The Buddhist chapel room in Shimane Kaikan, which just opened in September, contains a large framed work of calligraphy 抜苦与楽 that reads bakku yoraku: “remove suffering, impart ease.” This four-character Buddhist phrase sums up the purpose of the more than seven thousand volumes of sermons that Sakyamuni Buddha delivered during his time on earth.
No one was born or lives in order to suffer. Everyone wants to be rid of suffering, to lighten their heavy load and attain ease. Politics, economics, science, medicine, ethics, morals, sports, and every other human endeavor exist for the purpose of easing suffering and making it go away. Some people, unable to escape their suffering no matter how they try, decide they would be better off dead. In recent years the number of people who take their own life has shot up, making suicide an urgent social problem. Even they act out of a strong desire to be free of suffering.
Why are we born into this world, why do we live? What all people strive for, morning to night, is bakku yoraku; this is indeed the ultimate purpos of everyone’s life. Physical suffering can be relieved through treatment in a hospital, but the suffering that Buddhism removes is not physical. It is what Rennyo, in one of his letters, calls “karmic hindrance through the Three Worlds.” This is what causes each of us to suffer throughout what Buddhism calls the Three Worlds of past, present, and future? in other words, the world before each of us was born human, the present world we live in now, and the future world that comes after death.
Without last year, there could be no this year. Even if you have forgotten what happened around this time last year, it did happen. The past leads to the present and the present connects on into the future. For us, who tend to forget even what we ate yesterday, remembering the world of the past before we were born human is a clear impossibility; nevertheless, Buddhism teaches the solemn reality of the Three Worlds. And Buddhism proclaims that karmic hindrance, which causes suffering throughout the Three Worlds of past, present, and future, is the source of all pain and suffering.
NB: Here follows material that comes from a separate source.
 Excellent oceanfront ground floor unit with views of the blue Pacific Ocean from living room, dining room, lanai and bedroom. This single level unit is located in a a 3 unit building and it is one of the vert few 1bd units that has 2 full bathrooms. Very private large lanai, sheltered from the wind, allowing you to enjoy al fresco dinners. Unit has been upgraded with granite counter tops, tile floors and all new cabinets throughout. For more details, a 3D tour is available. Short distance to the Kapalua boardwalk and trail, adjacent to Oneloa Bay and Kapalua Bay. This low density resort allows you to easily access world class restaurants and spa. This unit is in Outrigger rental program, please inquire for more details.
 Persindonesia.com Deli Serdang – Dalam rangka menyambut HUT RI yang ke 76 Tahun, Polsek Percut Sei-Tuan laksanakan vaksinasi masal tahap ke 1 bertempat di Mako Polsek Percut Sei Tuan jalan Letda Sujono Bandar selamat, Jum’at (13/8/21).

Physical suffering ends in a century or so, but “karmic hindrance through the Three Worlds” is an illness of our eternal life, one that causes suffering before we were born, now, and even after we die. In The Letters, Master Rennyo also calls this “the dreadful disease of darkness of mind and karmic hindrances that has continued without beginning.” When in an ichinen (an irreducibly tiny fraction of time), we receive the Name created by Amida Buddha, “Namu Amida Butsu,” our dreadful disease of darkness of mind and karmic hindrance is healed and we are saved into absolute happiness, a realm of happiness that differs in dimension from relief from physical pain. This is what it means to “impart ease.”
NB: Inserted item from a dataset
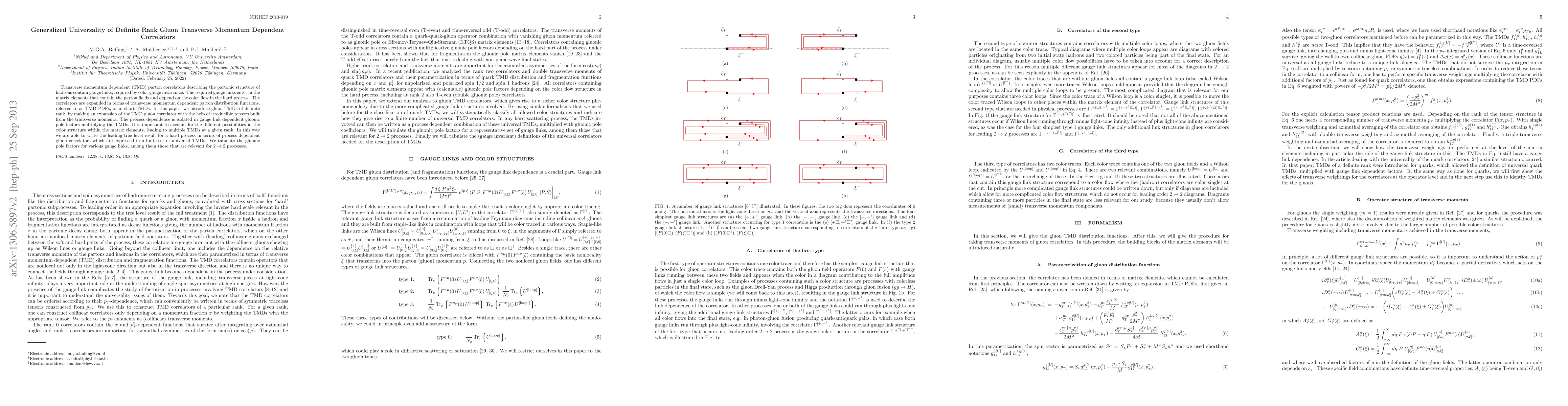 Transverse momentum dependent (TMD) parton correlators describing the partonic structure of hadrons contain gauge links, required by color gauge invariance. The required gauge links enter in the matrix elements that contain the parton fields and depend on the color flow in the hard process. The correlators are expanded in terms of transverse momentum dependent parton distribution functions, referred to as TMD PDFs, or in short TMDs. In this paper, we introduce gluon TMDs of definite rank, by making an expansion of the TMD gluon correlator with the help of irreducible tensors built from the transverse momenta. The process dependence is isolated in gauge link dependent gluonic pole factors multiplying the TMDs. It is important to account for the different possibilities in the color structure within the matrix elements, leading to multiple TMDs at a given rank. In this way we are able to write the leading tree level result for a hard process in terms of process dependent gluon correlators which are expressed in a finite set of universal TMDs. We tabulate the gluonic pole factors for various gauge links, among them those that are relevant for 2 to 2 processes.

The great virtue of “Namu Amida Butsu” is transferred in an ichinen to us sentient beings when we rely on Amida. Therefore the karmic hindrance of the Three Worlds of past, present and future instantly vanishes and we are established in the stage of those who are truly settled, or the stage equal to perfect enlightenment. (The Letters, Fascicle Five, Letter Six)
Buddhist teaching removes the karmic hindrance of the Three Worlds, which is the root of all suffering, and imparts absolute happiness that is unending and changeless in this world and the next.